Distill
The framework applied.
Current signals read through Knowledge Strata. Each one shows the framework at work: what it reveals about a live market signal, and which layer the signal illuminates.
This Week’s Distillation
Tacit knowledge is your next competitive moat.
"The real differentiator is not the data or even the models, but the tacit knowledge embedded in the judgement of their people." Tung and Roussiere argue that organisations failing to operationalise tacit knowledge face escalating costs: brittle AI systems, inconsistent decisions, vanishing expertise and stranded investments.
What the framework reveals
The framework reveals that the five actions Tung and Roussiere propose — map tacit knowledge, codify without flattening, build a semantic layer, enable human-AI collaboration, align executives — are the L3b extraction pipeline without the operational classification that makes the methodology actionable. Their automaker case study (master engineers whose reasoning was captured into AI agents reviewing design archives) is a textbook Observe extraction. The framework adds what the article leaves implicit: not all tacit knowledge responds to the same extraction approach, and the diagnostic question ("can they explain it?") determines which one to use.
A peer-reviewed management journal from UC Berkeley has independently arrived at the same conclusion as the Knowledge Strata diagnostic — tacit knowledge is the defensible layer, and organisations that fail to extract it before AI adoption matures will find their systems brittle and their investments stranded.
Recent Distillations
Amazon fired 16,000 engineers. The AI rebuild broke everything.
The framework exposes that documented artefacts (L3a) lack the tacit understanding (L3b) that produced them. Amazon had the code. It did not have the judgement of the people who wrote it. The layer pattern shows that automating L1/L2 work without first extracting L3b creates a system that runs but cannot be safely changed.

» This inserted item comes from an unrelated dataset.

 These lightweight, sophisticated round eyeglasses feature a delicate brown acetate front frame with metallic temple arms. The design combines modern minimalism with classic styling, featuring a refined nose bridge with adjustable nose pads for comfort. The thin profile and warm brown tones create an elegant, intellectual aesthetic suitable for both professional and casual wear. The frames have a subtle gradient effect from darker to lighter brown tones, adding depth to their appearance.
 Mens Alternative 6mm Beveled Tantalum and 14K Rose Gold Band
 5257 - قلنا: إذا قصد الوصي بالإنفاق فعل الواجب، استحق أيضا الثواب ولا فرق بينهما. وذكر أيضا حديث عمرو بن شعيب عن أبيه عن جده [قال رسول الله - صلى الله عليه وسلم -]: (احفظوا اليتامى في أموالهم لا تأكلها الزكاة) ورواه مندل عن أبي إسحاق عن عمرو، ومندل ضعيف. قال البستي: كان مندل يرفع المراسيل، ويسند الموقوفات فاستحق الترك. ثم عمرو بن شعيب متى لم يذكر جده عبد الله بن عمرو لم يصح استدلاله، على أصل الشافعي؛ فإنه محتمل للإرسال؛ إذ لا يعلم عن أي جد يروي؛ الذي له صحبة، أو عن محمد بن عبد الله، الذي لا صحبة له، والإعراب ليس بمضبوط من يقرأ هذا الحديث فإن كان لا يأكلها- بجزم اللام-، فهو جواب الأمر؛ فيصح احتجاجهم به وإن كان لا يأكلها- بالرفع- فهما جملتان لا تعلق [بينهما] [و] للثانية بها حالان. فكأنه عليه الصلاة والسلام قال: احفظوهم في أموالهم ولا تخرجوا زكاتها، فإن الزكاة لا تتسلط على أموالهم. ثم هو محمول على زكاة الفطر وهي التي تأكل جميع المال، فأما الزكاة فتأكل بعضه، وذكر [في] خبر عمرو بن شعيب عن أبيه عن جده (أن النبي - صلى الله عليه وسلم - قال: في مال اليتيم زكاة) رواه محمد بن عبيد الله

Nobody knows what you're worth anymore.
The framework reveals that the chain where production signified effort signified expertise is broken because L1 generation is now free. This creates a knowledge-layer lemons problem — the market cannot price what it cannot see. A second pattern follows: AI removes the L1 tasks that were the training pathway to L3b, potentially widening the gap between what organisations need and what the next generation of workers can demonstrate.
"Hostages, not customers" — three patterns of AI defensibility.
The framework reveals three distinct defensibility patterns in Horowitz's three dynamics: Hierarchical (the regulatory gate determines entry, AI determines profitability inside it), Independent (channel difficulty is the moat, unrelated to knowledge type), and Collapsed (L1 products face existential pressure as model capability rises). Defensibility and knowledge layer are independent dimensions — a business can hold L1 knowledge and still be defensible, or hold L3b knowledge and still be vulnerable, depending on which pattern applies.
97% of enterprises run AI agents. 12% have governance. 40% will cancel.
The framework reveals the 40% cancellation rate as the market's forced correction for organisations that deployed AI agents at L1 (capability) without the L3a governance (documented rules, boundaries, escalation protocols) or L3b judgement (who decides what the agent should do when the rules don't cover it) to operate them safely. The governance shortfall is a Context Debt problem: the knowledge needed to govern the agents was never captured because nobody asked for it during the capability sprint. The six critical gaps the article identifies — absent centralised control, late-stage governance, missing decision traceability, no policy-as-code, unclear human-in-the-loop boundaries, role confusion — each map to a specific layer failure in the framework.
"AI thinks. Workflow acts." ServiceNow's CEO names the Three Systems.
The framework reveals that McDermott's positioning makes the vendor landscape legible: System of Record (where data lives), System of Intelligence (where AI reasons), System of Action (where decisions execute). ServiceNow captures L1 through L3a cleanly but has no mechanism for L3b. Every major vendor occupies a slice of the knowledge stack, none captures all four layers, and the gap is always at L3b — tacit organisational knowledge that no platform can reach.
Archive
Week of 6 January 2025
The Karpathy Moment Is Spreading Beyond Coding
This isn't just about coding. The pattern Karpathy describes — feeling behind despite being an expert — will ripple through every knowledge profession. The question isn't whether AI will commoditise your baseline work. It's whether you're building advantage at Layer 3 before it does.